La conception extensive du domaine public, élargit le régime de la domanialité aux dépendances et aux accessoires du bien principal. Elle est compatible avec la mission protectionniste du domaine public. Cette extension, a l’avantage de faciliter la gestion de ce domaine, mais s’oppose à une gestion moderne de ce domaine[17].
Il s’agit aussi de l’indivisibilité qui conduit à une incorporation automatique de biens dans le domaine public, sans tenir aucun lien avec l’intérêt public, ni répondre aux critères du bien public. La gestion moderne du domaine des collectivités territoriales, impose de vérifier la domanialité publique doit être vérifiée lot par lot, de manière à ce qu’il ne soit rangé dans le domaine public que celui qui a été aménagé pour un usage public ou pour exécuter un service public.

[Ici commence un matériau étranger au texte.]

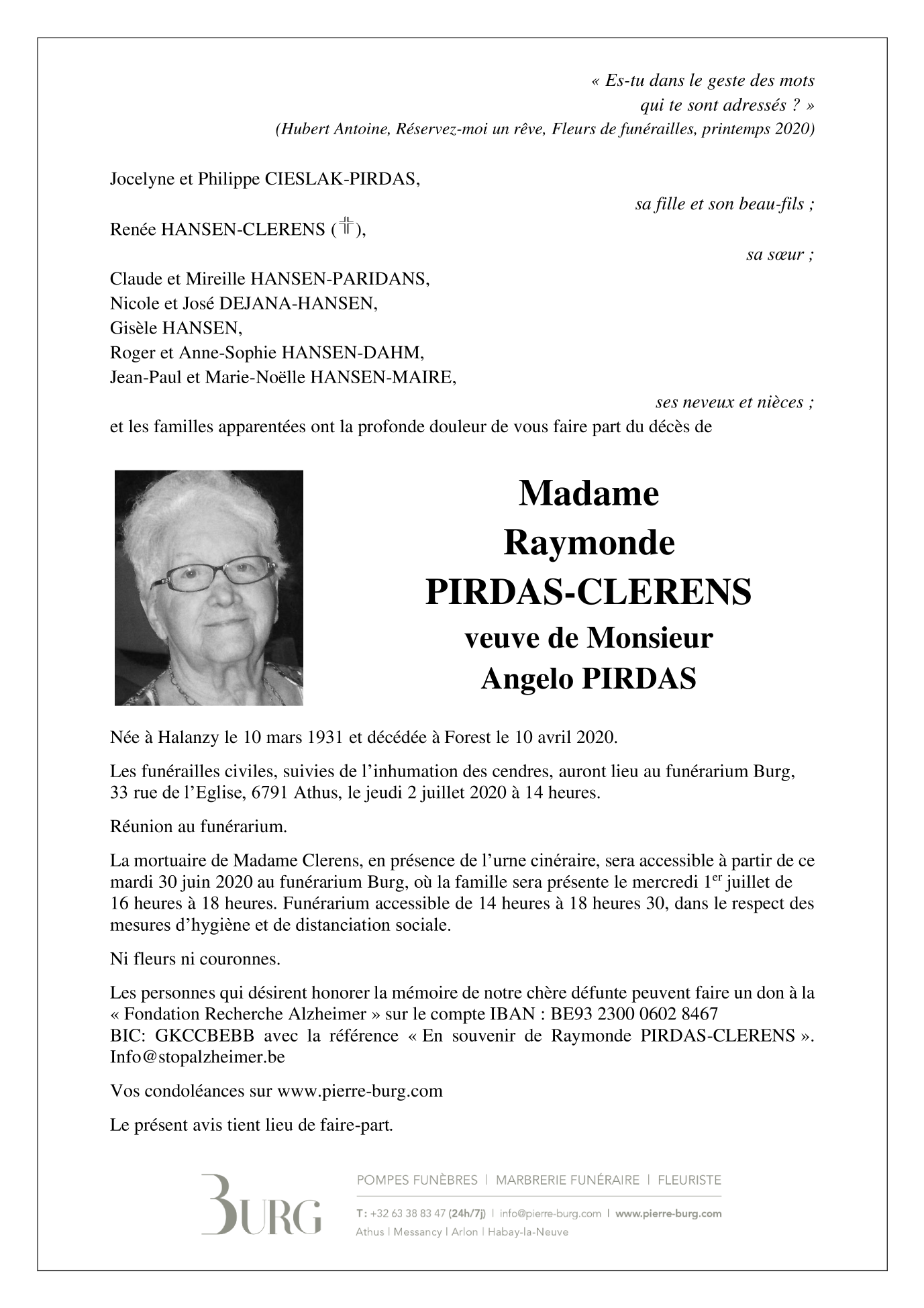Décédée à Bruxelles (Forest) (1190) le vendredi 10 avril 2020 à l'âge de 89 ans
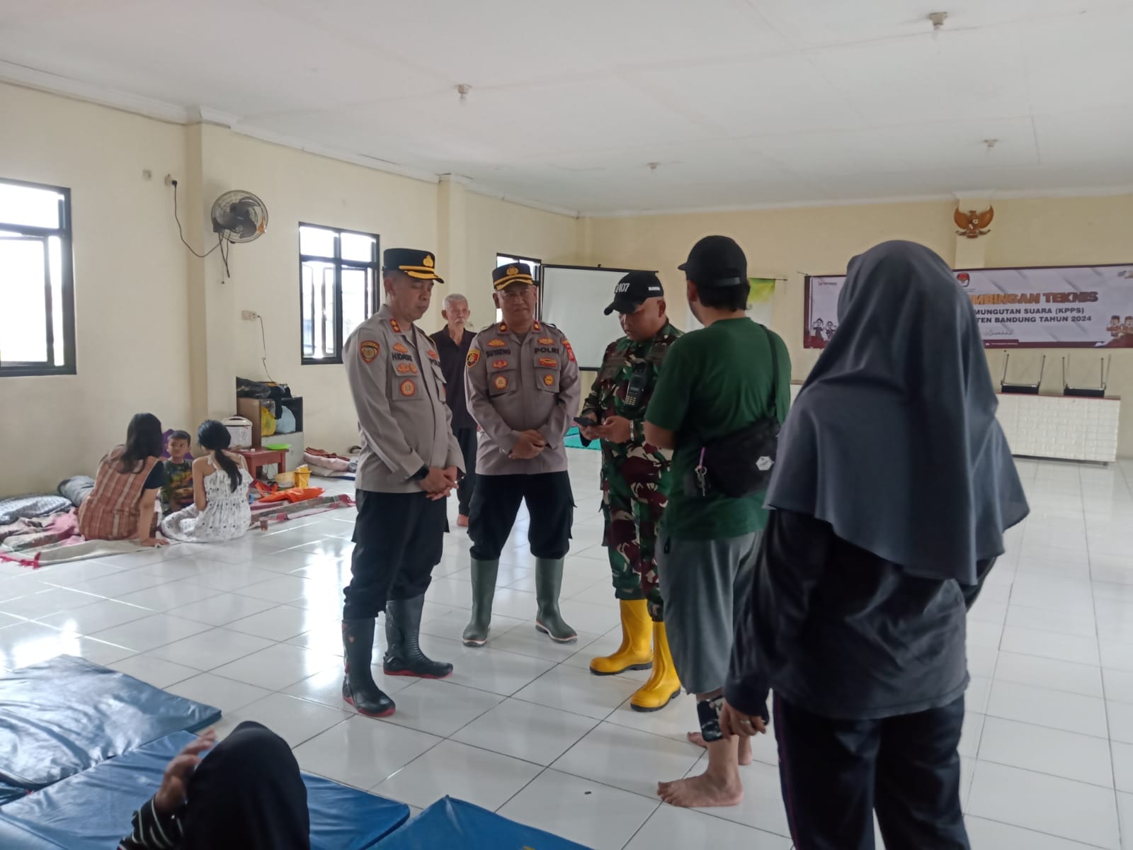 Dalam giat kunjungan tersebut Waka Polresta Bandung mengunjungi pengungsi yang berada dilokasi pengungisan di gedung PMI yang berlokasi di Desa Dayeuhkolot.
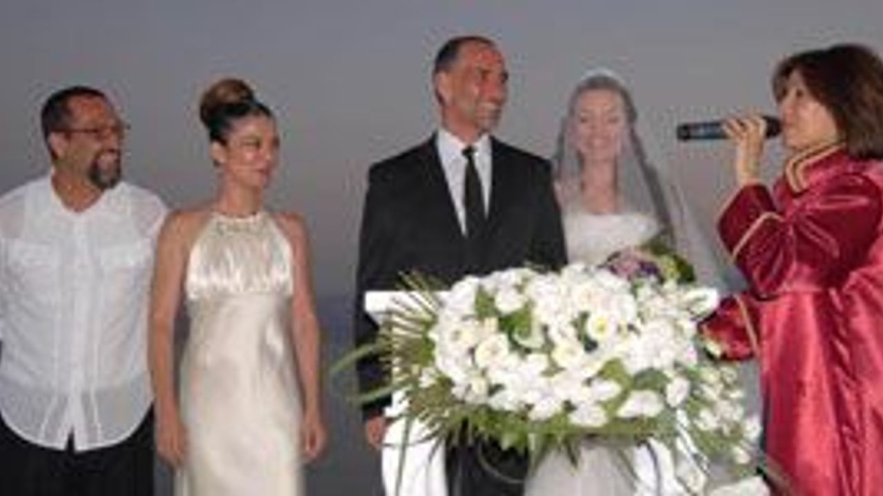 İZMİR - Altı yıl önce bir market alışverişi sırasında tanışan ve birliktelikleri dört yılı tamamlayan Fulya Ceylan Aksütlü ile Cenk Ertan'ın düğünü İzmir Bayraklı sahilindeki Ex Rain Saime Sultan Yalısı 1896'da yapıldı. Bugüne kadar rol gereği defalarca gelinlik damatlık giyen çiftin nikah tanıklıklarını Abdurrahman Aydın ve Esra Evdüzen üstlendi. Çifti mutlu günlerinde akrabaları, dostları yalnız bırakmadı.
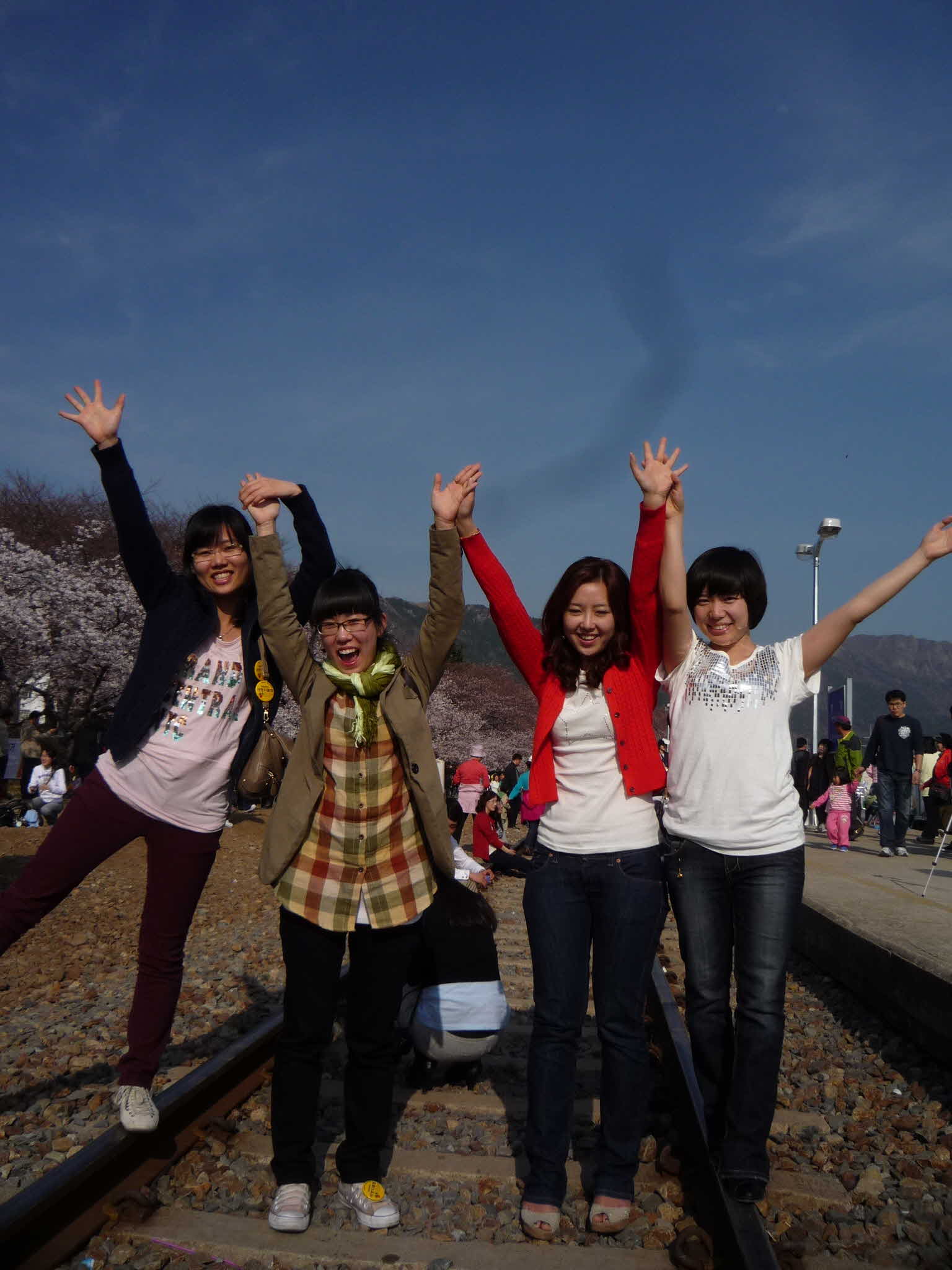 하늘과 땅,벚꽃과 철도길 너무나 환상적인 하모니를 이루며 다양한 포즈를 취해 사진 찍기에 힘을 썼다~ㅋ

Il semble que la jurisprudence marocaine est allée dans ce sens, ainsi le tribunal d’instance de Casablanca dans son arrêt du 06 juin 1950, a refusé de reconnaitre le caractère de dépendance du domaine public au logement situé à l’intérieur d’une caserne militaire, car il n’est pas affecté au service public militaire. Ainsi le juge a accepté l’idée de la divisibilité des biens en fonction de leur affectation, et non en fonction de leur situation[18]. L’affectation au service public, doit être de fait et doit traduire le lien étroit entre le bien en question et le fonctionnement du service public.[19]
En général, la conception juridique de la domanialité, exclue la cohabitation du domaine public et de la propriété privée au sein d’un même ensemble de domaine public[20]. Cette situation ne permet pas à l’administration de s’ouvrir sur les techniques et les modes nouveaux de l’utilisation de l’espace, capables de solutionner la pénurie des terrains et la crise des ressources financières. La conception extensive de la domanialité, prive la collectivité des possibilités d’exploiter les parcelles de son domaine ne desservant pas un intérêt général ou un service public dans le cadre de partenariat public-public ou public-privé.
- L’incompatibilité des modes de l’utilisation de l’espace
La pénurie des terrains à bâtir et l’évolution des besoins des administrés en services publics, imposent aux acteurs publics de penser à la rationalisation de l’utilisation des ressources foncières existantes à travers le recours à la technique de la construction en volume et la copropriété.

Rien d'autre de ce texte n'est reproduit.